After I wrote this story a lot of things changed. When I wrote this, Lucy's Would Have Been 1st Birthday had just passed and it triggered my OCD. I was struggling a lot with that when the Lord lead me to the Women's Enrichment Center of Dalton. Soon after that, I began serving in the post abortion ministry there. They had nobody to lead it, so there I was, ready to serve. And scared to death. We are still in the process of getting up and running. I have finished writing the individual counseling curriculum and I am now working with another woman at the center to train for the Save One group recovery (which we will hold twice a year). I am confident God has great things in store for us. 

So far I have attended some training, Shared my story with numerous others. And just recently gave a short presentation to the wives of pastors in our community. I was asked by one of the women there to speak at their church in January for Sanctity of Human Life month. I am nervous.
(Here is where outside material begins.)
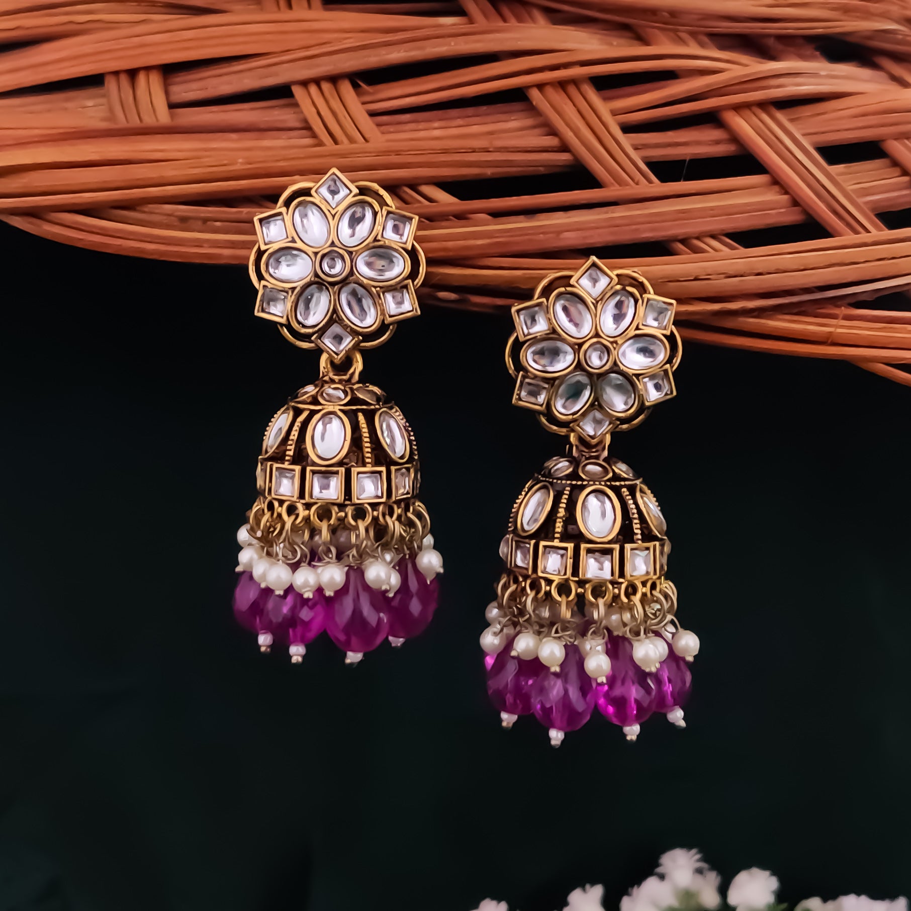 Elevate your elegance with our Aashika Pearl Jhumka Earrings. Featuring intricate detailing and a cascade of delicate pearls, these earrings blend timeless tradition with modern charm. Perfect for any occasion, they add a touch of grace and sophistication to your ensemble.
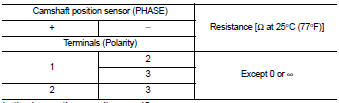 Check the resistance camshaft position sensor (PHASE) terminals as per the following.

It is a huge church, but I am up for whatever God wants me to do. 

I aspire to one day take part in the 40 Days for Life campaign and maybe one day lobby in Washington with the SIlent No More Awareness campaign. There are so many different parts of the ministry, helping women feel loved after an abortion, helping them find peace, fighting for what is right, and even helping women find alternatives. I guess I just need to sit back and let God lead me. It seems like right now, he wants me right where I am, helping those women who feel like they will never get back on their feet, never be loved again or alive and free. I hope to change that for them.

Lucy has made a big difference in my life, in who I am.  I have become more understanding. My preacher says "Ten minutes out of the will of God and a man will do anything." And I think that is a good quote. 

I have learned to take my time and enjoy Samantha, be better to her, closer to her. She is a special child. She is my only living child.  

My relationship with my Husband has been healed recently. At first I went through so many emotions toward him, mostly anger, hatred. But I worked through them. He is finally able to talk to me about it. He has told me how much he truly regrets what we did, the decision we made, and that he feels guilty for practically making me feel forced to do it. He misses her like I do, and we both wish we could go back, but we can't. The only thing we can do is go forward. He supports me in the volunteer work I do to try and help women who are considering an abortion or helping to heal those who have. That is all I could ever ask for. And maybe, just maybe one day he will be able to help in the healing of men hurting through abortion. And then, maybe not. I can't wait to see what is in store for us.